In that sense, it’s like that folktale theme about wealth. What if I could get my hands on it? What would happen to me and the ones I love? Would I be able to control my lust for it? Or would it control me? In the story, I get to find out, vicariously. I might not like the answer, might not believe it. But if I recognize myself in it, I learn something about my potential, a possible version of myself. That’s the power of that folktale.

Novels have the advantage—at least in theory—of being longer, more involved, complex, exploratory. They can take this folktale motif and deepen its psychological effect. They do this by exploring the interior world of the folktale hero, who is usually only described by her or his external actions in the folktales.
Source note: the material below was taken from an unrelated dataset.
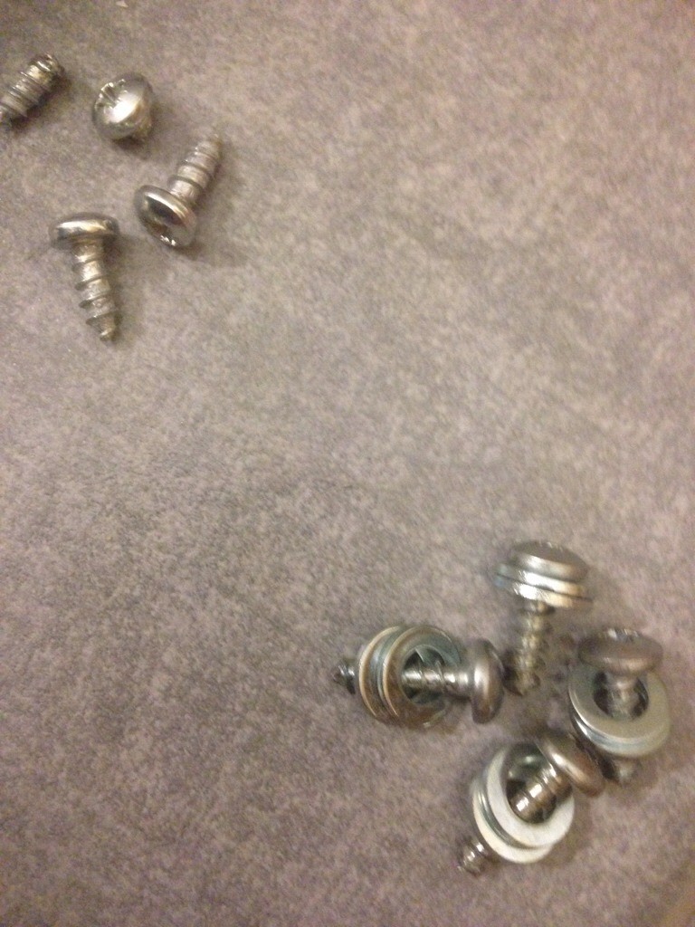 Blev att knipsa bästa skruven jag hittade och slänga på två små brickor så blev längden rätt.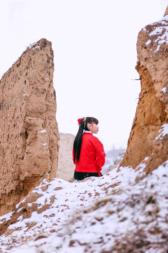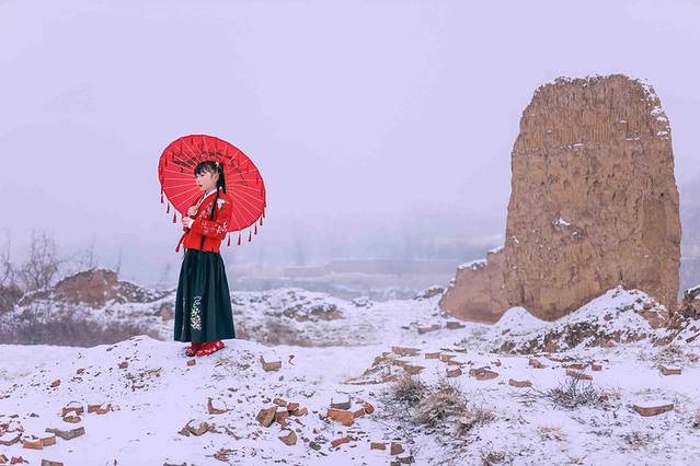在这里可以聆听城墙落雪的声音,雪花一片一片,在天空静静缤纷,古城的人因为下雪的原因明显比第一天多了很多,穿着古装,让小闺蜜(果果)穿越一回。

If you tell a story without any psychological probing, you sometimes fall back on stereotyped motives to explain actions. (Envy in Snow White; revenge in Sleeping Beauty; honor in Hans the Hedgehog.) And sometimes, you don’t explain them at all. (So, for instance, the young fellow who comes upon an imprisoned princess will believe her and do any outrageous thing she asks, without narrative explanation.) This impervious quality of the hero can be—almost always is—reversed in a fantasy story, where we are privy to the interior workings of the hero/heroine’s soul, insofar as the author has discerned them. Naturally, that kind of thing can be overdone. But it’s part of the nature of novels (modern ones, at least) to deepen that dimension, to explore it, to chart it perhaps, or confront us with the unchartability of it.

I don’t say that fantasy novels of this kind are better than folktales and fairy tales. They might speak more to our own artistic tastes. They’re literate, idiosyncratic, and less time-worn or time-tested. But the old tales have their charm, power, and much of their vitality, at least to me. Even so, in bringing their themes and tropes forward to us, writers of mythic fantasy are confronting us with the same potent opportunity our forebears had, to contemplate the dilemmas that our struggle against mysterious, powerful forces creates. That’s their virtue and, I think, why we still need them.